I recently attended the June 29th-30th FDA advisory committee meeting that voted for a reduction in the maximum daily over-the-counter (OTC) dose of acetaminophen and the ‘unbundling’ of narcotic-acetaminophen prescription medications. While I agree ultimately with many of the recommendations that were made, I can’t help but feel that there is a larger problem that remains unaddressed. There is a growing disparity between FDA expectations for prescription drugs and expectations for OTC drugs and dietary supplements. As requirements for prescription drugs increasingly reflect the ability of the pharmaceutical industry to design and manufacture safer drugs, requirements for OTC drugs appear stagnant, and dietary supplements continue to be deemed safe until proven otherwise.

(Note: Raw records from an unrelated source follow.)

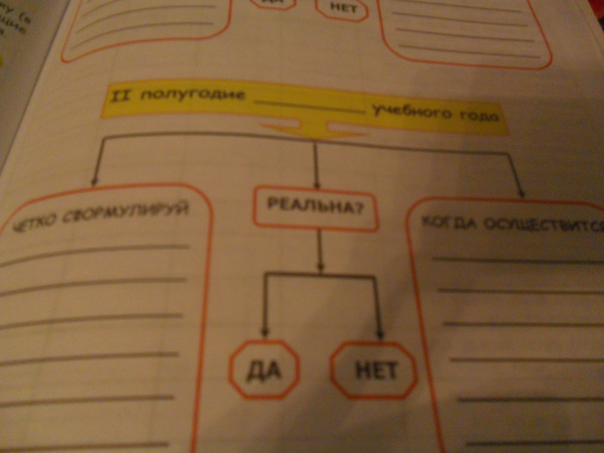 Мои цели на учебный год 1 полугодие.....учебного года чётко сформулируй,когда осуществится,реальна(да.нет?) 2полугодие......учебного года чётко сформулируй,когда осущетвится.реальна(да.нет?)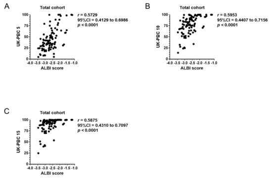 The two emerging prognosis scores, GLOBE score and UK-PBC score, focused on transplant-free survival based on the patients’ response to one year of UDCA therapy. While the ALBI score before UDCA therapy correlated with both scores, the correlation seemed to be greater with UK-PBC risk score than GLOBE score based on r values (Figure 4 and Figure 5). The greater correlation between ALBI score and UK-PBC score might be prevalent because these scores do not include age in their calculation. Though the correlation between the baseline ALBI score and GLOBE or UK-PBC score did not present stronger correlation with r values greater than 0.7, it might be partially attributed to the patients’ response to 1-year UDCA therapy [33].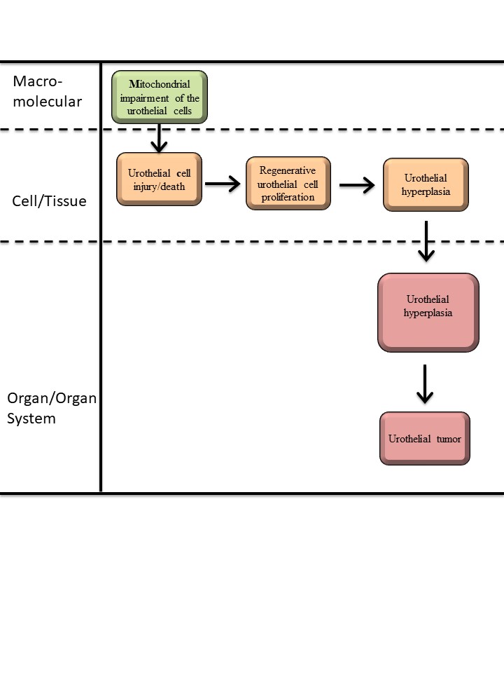 We are proposing an AOP framework for urothelial cytotoxicity followed by regenerative hyperplasia and the development of benign and malignant proliferative lesions after long-term chemical exposure. In addition, we suggest direct mitochondrial dysfunction process as one of the possible Molecular Initiating Event (MIE) for this AOP. Our lab has a long experience with urothelial toxicity resulting from exposure to the herbicide diuron. Currently, we are adopting in vitro approaches using human bladder cells (1T1) exposed to diuron and its metabolites to confirm the mitochondrial damage and to identify the intracellular pathways that are compromised after exposure. We suggest that the mitochondrial impairment in urothelial cells leads to urothelial injury/death followed by regenerative cell proliferation and hyperplasia, culminating in urothelial tumors.
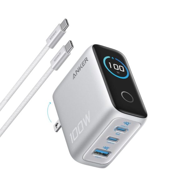 Củ Sạc Nhanh ANKER B121B 100W (ActiveShield™ 4.0, Smart LED Display, 2*Type-C + 1*USB-A port, Kèm Cáp Zolo C to C 240W)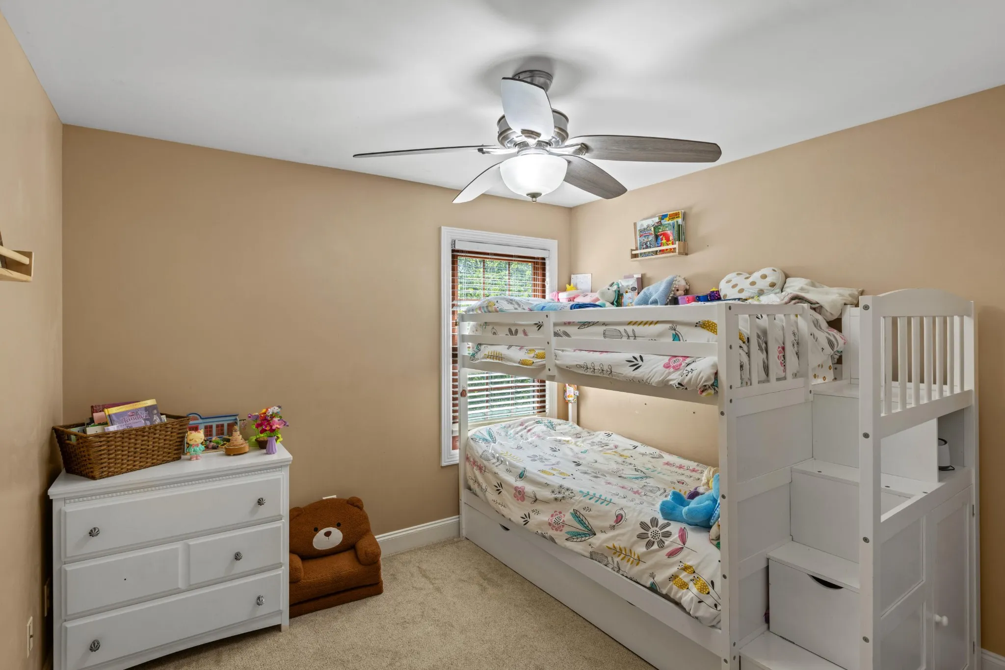 The primary suite serves as a private retreat, featuring a luxurious en suite complete with a soaking tub, separate shower, and a spacious walk-in closet. Each additional bedroom is generously sized, now enhanced with remote-control ceiling fans in the three secondary bedrooms for added comfort and convenience, ideal for family, guests, or a home office.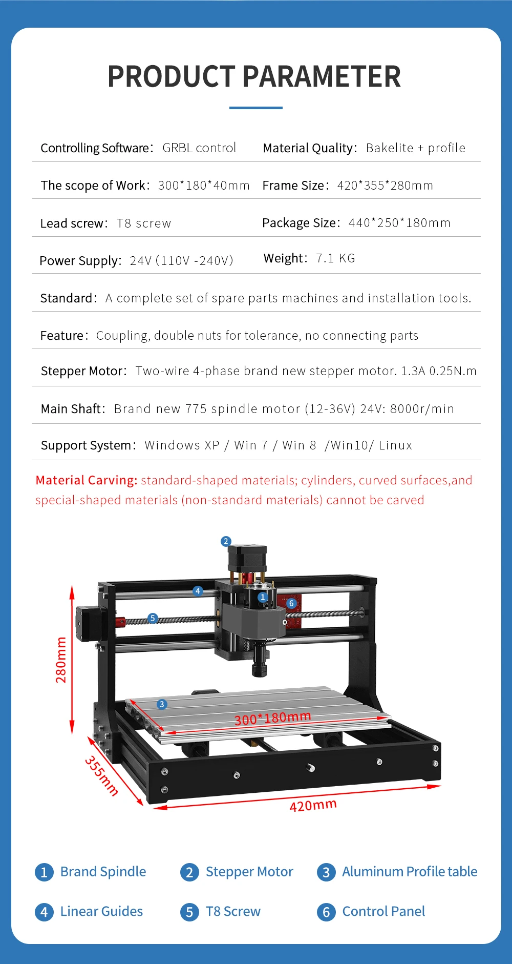 Перед размещением заказа обязательно просмотрите!Пожалуйста, обратите внимание на покупателей: европейские склады не могут быть отправлены в районы, почтовый индекс которых начинается с 38/39.Пожалуйста, выберите Китайский склад для доставки. (Некоторые области являются отдаленными районами, и необходимо оплатить дополнительные дистанционные сборы)Это причина для логистического канала, который не находится под нашим контролем.Приносим извинения за причиненные вам неудобства, спасибо! Этот гравировальный станок с ЧПУ специально разработан для развлечения, учебы и исследований DIY, что дает вам Экстремальный портативный опыт. Этот гравировальный станок с ЧПУ имеет функцию гравировки, резьбы и фрезерования. Этот резной станок может быть выгравирован пластиком, деревом, акрилом, ПВХ, печатной платой, деревом или подобным материалом. Сверло не может выгравировать твердый металл, нефрит или другие твердые материалы. Особенности:Этот гравировальный станок DIY с ЧПУ специально разработан для развлечения, учебы и исследований DIY с профессиональным программным обеспечением GRBL, что дает вам Экстремальный портативный опыт.Изготовлен из алюминия и с окислительной обработкой, цельнометаллический фюзеляж прочный и красивый.Если вы опытный любитель гравировки с ЧПУ, который ищет обновление, вы можете добавить комплект лазерного модуля к машине. С помощью этого модуля, он может дать вам различные способы раскрыть ваше творчество. Характеристики:Модель: 3018ProВилка: США + ЕСПрограммное обеспечение управления: GRBLМатериал: алюминий + пластикЦвет: серебристый + черныйРабочая зона: 300*180x40 мм/11,8*7,1*1,6 дюймовРазмер оправы: 420*355*280 мм/16,5*14*11 дюймовШпиндель: 775 мотор шпинделя (12-36 в) 24 В: 8000р/минПатрон шпинделя: ER11Шаговый двигатель: 1.5A / 0.42N.mИсточник питания: 24 В/5,6 А (110 В-240 В)Поддерживаемая система: Windows XP / Win 7 / Win 8 / Win 10 /LinuxГравировальные материалы: пластик, дерево, акрил, ПВХ, печатная плата и другие мягкие материалы.Порт связи: Micro USBСвинцовый винт: T8Упаковка: коробкаПосылка Размеры: 7,1 кг/250ozПосылка Вес: 44*25*18 см/17,3*9,8 * 7inПримечания:1. Эта машина не собирается. Вы получите все детали в посылка, и вам нужно собрать его самостоятельно.2. При работе гравировального станка, пожалуйста, не кладите какую-либо часть вашего тела на машину, чтобы избежать травм вашего тела. Использование метода:1. Подключите источник питания и Подключите USB.2. Установите драйвер.3. Чтобы определить com-порт вашей машины.4. Откройте программное обеспечение grblControl. Список посылка:(DIY Kit, нужно собрать самостоятельно.)1 * полный набор деталей и инструментов для установки (без лазера ![]()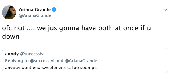 Twitter user @successfvl mentioned Ariana Grande with concerns that her album, “Sweetener,” will be neglected in order to promote the upcoming project. They said: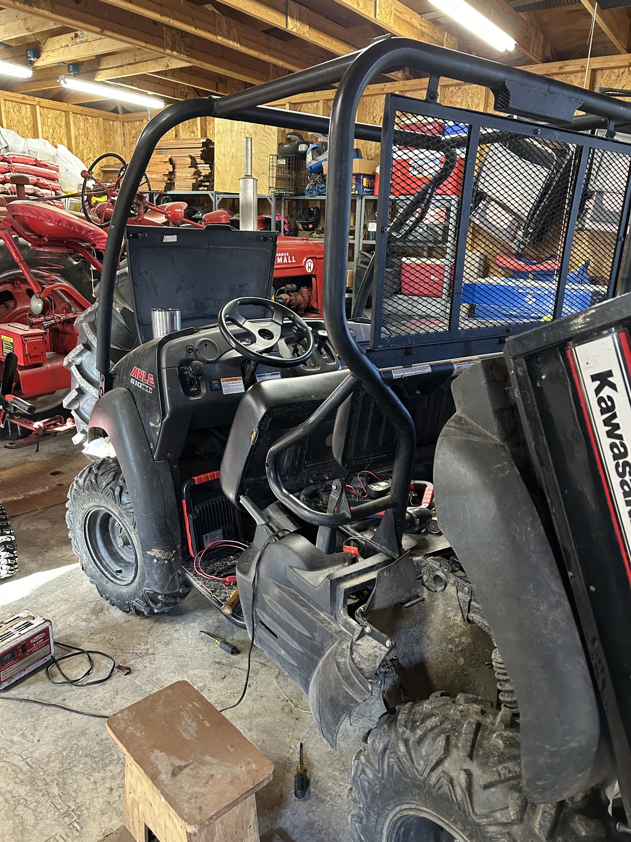 Today’s shenanigans were on our Kawasaki Mule. The new battery I just put in it is dead. I put a meter on it last week and it’s not charging. Like most of the machines we have around the place this one did not run when we got it. It had an electrical fire so when I got it home I fixed all the wiring and it’s been a great machine for at least 5 years now.

Most OTC painkillers were first made available at a time when modern drug development technologies and safety assessment techniques did not exist – and even though these technologies and techniques are now available, FDA hasn’t required OTC drug manufacturers to apply them to their products. The popularity of these drugs over the years has illustrated that the public considers them to be of great utility in offering readily available treatment for pain conditions. Yet, these drugs account for a huge proportion of the adverse events that are seen with all pharmaceutical agents, due in part to their widespread use. By all accounts (clinical trials, retrospective studies and medical surveillance systems) these compounds have ‘important’ health risks associated with their use, most notably to the liver, kidney and gastrointestinal tract. Not surprisingly, these adverse events constitute a substantial (and potentially avoidable) public safety issue with important implications in terms of health care costs.

This begs the question: do these drugs still reflect current safety and efficacy standards? And, shouldn’t they?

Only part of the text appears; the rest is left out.